I know from Parseval's Theorem that, given a signal $x(t)$, with $t$ a variable in the time domain,
$$ \int_{-\infty}^{+\infty} |x(t)|^2 dt = \int_{-\infty}^{+\infty}|X(f)|^2 df, $$
where $|X(f)|$ is the Fourier transform of the signal $x(t)$ in the frequency domain.

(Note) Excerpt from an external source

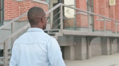 Mutlu genç adam yürüyor, açık siyah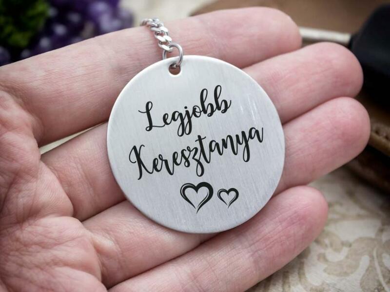 " Legjobb Keresztanya " feliratos acél kör medálos kulcstartó A számotokra állítottunk össze egy kedves meglepetést! Pótanyuka, akinek a feladata a nagymamához hasonlóan a kényeztetés. Ugyanakkor erős kötelék, akihez nagyobbacska korban is bátran lehet tanácsért fordulni. Kiváló ajándék lehet keresztelőre, vagy bármikor, amikor elmondanád, fontos neked. Ezt a nagyszerűa

Now, consider the following signal:
$$ s(t) = A \mathrm{sinc}^2(2t)\mathrm{cos}(100\pi t). $$
This is a modulated signal thus I can apply the modulation theorem for Fourier transform:
$$ S(f) = \frac{X(f-f_0)+X(f+f_0)}{2}, $$
where $X(f) = \mathcal{F} [A\mathrm{sinc}^2(2t)] = \frac{A}{2} \Delta(\frac{f}{2})$, so
$$ S(f) = \frac{A}{4} \left[\Delta\left(\frac{f-50}{2}\right) + \Delta\left(\frac{f+50}{2}\right) \right]. $$
Now, if I try to compute the energy in the frequency domain, I have that
$$ E_s = \int_{-\infty}^{+\infty} E_s(f) df = \int_{-\infty}^{+\infty} |S(f)|^2 df = \frac{A^2}{6} $$
If I try to do the same thing in the time domain, I get
$$ \int_{-\infty}^\infty |A(\mathrm{sinc}(2t))^2\mathrm{cos}(100\pi t)|^2 dt = \frac{A^2 \pi}{6} $$
So my question is, due to Parseval's Theorem, shouldn't the two integrals give the same result?